◆ EXERCISE DIRECTIONS
Leave out the pictures and restate the rest of the data exactly.

◆ PROVIDED DATA
▼
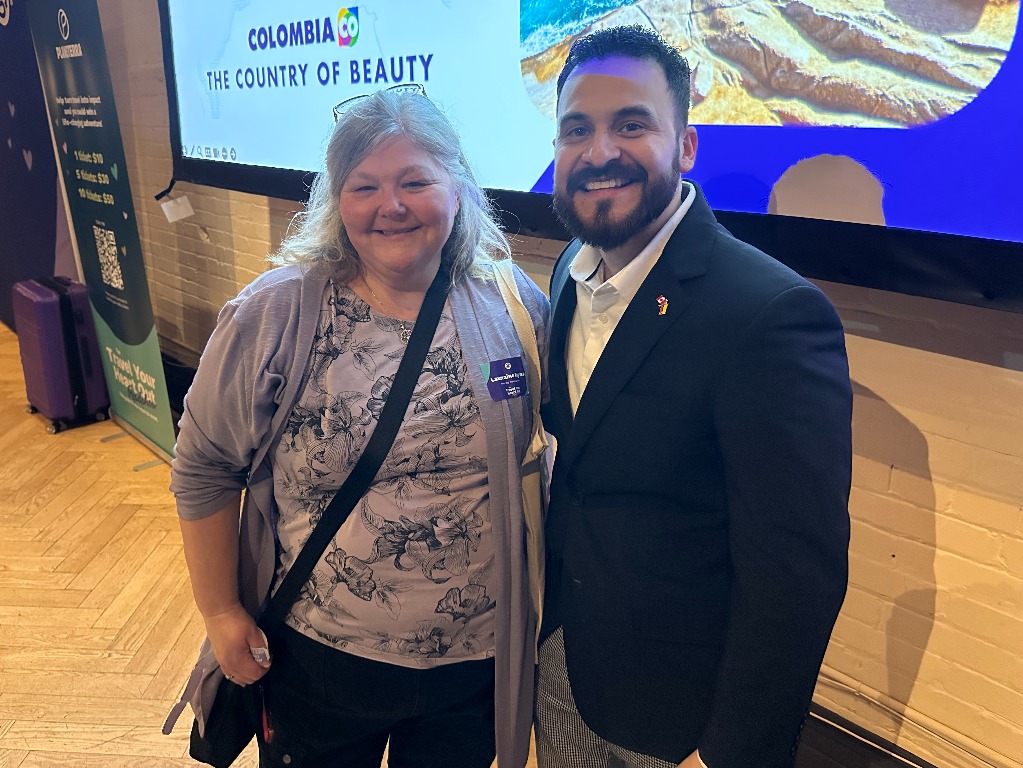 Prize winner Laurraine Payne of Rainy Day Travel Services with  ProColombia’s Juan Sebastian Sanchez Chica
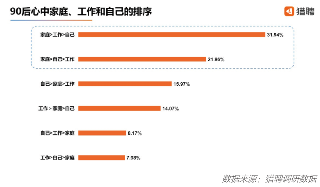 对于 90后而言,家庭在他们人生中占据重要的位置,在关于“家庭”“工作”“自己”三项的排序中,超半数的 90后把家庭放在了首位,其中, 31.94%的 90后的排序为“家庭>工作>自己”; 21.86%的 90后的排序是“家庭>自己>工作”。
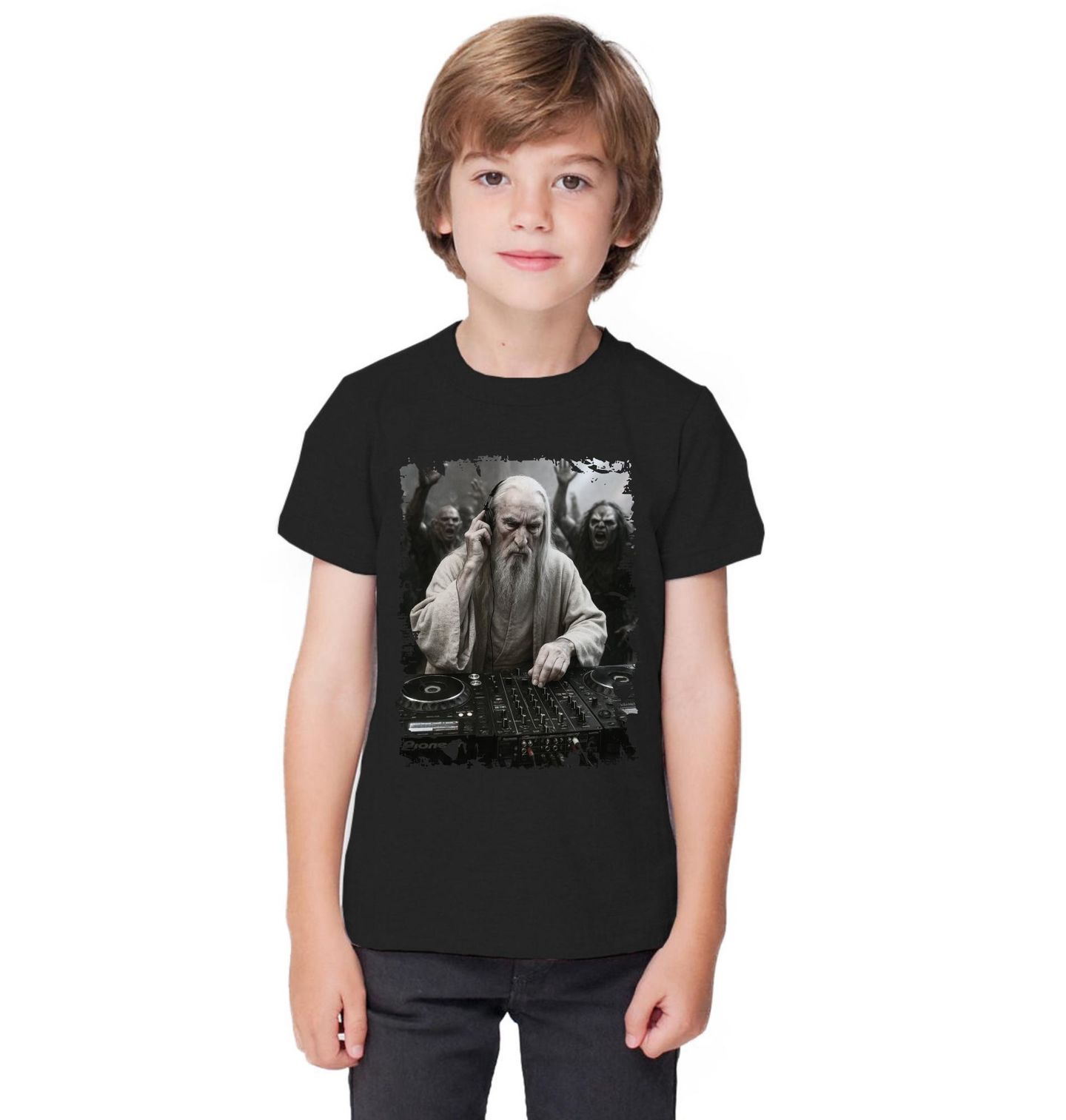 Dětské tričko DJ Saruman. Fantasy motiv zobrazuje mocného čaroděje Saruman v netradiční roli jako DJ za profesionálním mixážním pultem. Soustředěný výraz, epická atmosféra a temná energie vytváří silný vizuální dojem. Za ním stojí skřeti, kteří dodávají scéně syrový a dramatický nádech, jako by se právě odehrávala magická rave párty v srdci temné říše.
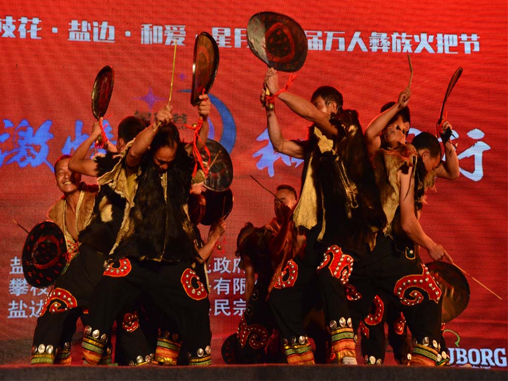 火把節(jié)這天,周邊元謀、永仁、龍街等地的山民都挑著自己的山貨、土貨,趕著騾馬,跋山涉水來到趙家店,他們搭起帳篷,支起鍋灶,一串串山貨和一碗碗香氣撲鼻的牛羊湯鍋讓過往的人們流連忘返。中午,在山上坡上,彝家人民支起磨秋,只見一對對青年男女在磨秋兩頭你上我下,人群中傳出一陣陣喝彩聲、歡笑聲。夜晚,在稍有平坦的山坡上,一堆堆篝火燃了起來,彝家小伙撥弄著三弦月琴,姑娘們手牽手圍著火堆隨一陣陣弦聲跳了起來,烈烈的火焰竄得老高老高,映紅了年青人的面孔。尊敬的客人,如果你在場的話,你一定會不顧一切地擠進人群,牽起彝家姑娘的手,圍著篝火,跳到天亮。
▲
◆ EXPECTED ANSWER
 Prize winner Laurraine Payne of Rainy Day Travel Services with  ProColombia’s Juan Sebastian Sanchez Chica
 对于 90后而言,家庭在他们人生中占据重要的位置,在关于“家庭”“工作”“自己”三项的排序中,超半数的 90后把家庭放在了首位,其中, 31.94%的 90后的排序为“家庭>工作>自己”; 21.86%的 90后的排序是“家庭>自己>工作”。
 Dětské tričko DJ Saruman. Fantasy motiv zobrazuje mocného čaroděje Saruman v netradiční roli jako DJ za profesionálním mixážním pultem. Soustředěný výraz, epická atmosféra a temná energie vytváří silný vizuální dojem. Za ním stojí skřeti, kteří dodávají scéně syrový a dramatický nádech, jako by se právě odehrávala magická rave párty v srdci temné říše.
 火把節(jié)這天,周邊元謀、永仁、龍街等地的山民都挑著自己的山貨、土貨,趕著騾馬,跋山涉水來到趙家店,他們搭起帳篷,支起鍋灶,一串串山貨和一碗碗香氣撲鼻的牛羊湯鍋讓過往的人們流連忘返。中午,在山上坡上,彝家人民支起磨秋,只見一對對青年男女在磨秋兩頭你上我下,人群中傳出一陣陣喝彩聲、歡笑聲。夜晚,在稍有平坦的山坡上,一堆堆篝火燃了起來,彝家小伙撥弄著三弦月琴,姑娘們手牽手圍著火堆隨一陣陣弦聲跳了起來,烈烈的火焰竄得老高老高,映紅了年青人的面孔。尊敬的客人,如果你在場的話,你一定會不顧一切地擠進人群,牽起彝家姑娘的手,圍著篝火,跳到天亮。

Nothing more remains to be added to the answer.